As Serena described in that “retirement” essay she wrote in Vogue, it was Venus she mimicked from the moment she could hold a racket, Venus she studied to learn from mistakes, Venus she practiced against and Venus she emulated. “If I hadn’t been in Venus’s shadow, I would never be who I am,” she wrote. “When someone said I was just the little sister, that’s when I got really fired up.”
As that competitive fire burned, as it propelled Serena far beyond anything her sister had accomplished, to those 23 Grand Slam titles and international fame and fortune, it never frayed the familial bond. What a credit to them both.

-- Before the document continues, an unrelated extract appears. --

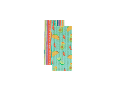 Add some spice and color to your kitchen with this festive set of 2 cotton tea towels. One towel features a playful pattern of smiling tacos, limes...
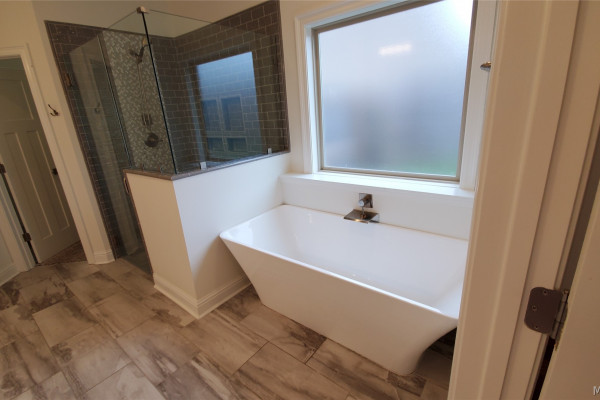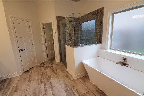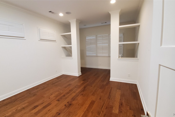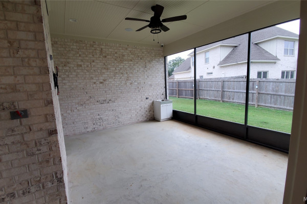 Quality construction and energy-efficient features include spray foam insulation, Low-E windows, a tankless gas water heater, and a gas log fireplace with electric switch igniter. Hardwood flooring extends through all common areas, while tile finishes are featured in bathrooms, showers, and the laundry room. The home is also pre-wired for a security system and surround sound.

Of course, this US Open goes on now for Serena — Venus lost an opening round singles match after accepting a wild card entry. In fact, the spotlight has only grown hotter on the younger sister, whose upcoming Friday night singles match against unseeded Ajla Tomljanovic of Croatia is the hottest ticket in sports.
At 40, five years after the birth of her daughter, Serena came to New York ostensibly to write a farewell tale, only to turn back time instead, advancing with two victories that, given her resumé in the game should come as no surprise, but given her current state in the game are as impressive as any she’s had. From a workmanlike opening win over unseeded Danka Kovinic Monday night to the scintillating three-set decision over No. 2 seed Anett Kontaveit Wednesday, Williams has taken over the tournament.
On Thursday, ESPN announced it was bumping a college football game to move Williams’s match from ESPN2 to ESPN. Why wouldn’t they? The network said in a press release that the final 15 minutes of Serena’s Wednesday’s match, from 9:30-9:45 p.m. drew 5 million viewers, and that overall, the audience averaged 2.3 million viewers, an increase of 289 percent from last year’s Day Three prime-time telecast.
The match helped ESPN win the night among all broadcast or cable networks among men and adults in age brackets including 18-34, 18-49, and 25-54. Ticket prices for Friday’s match have soared on secondary markets, surpassing $5,000 for an unobstructed courtside view.
And they say women’s sports can’t draw a crowd.
When the last name is Williams, it sure can.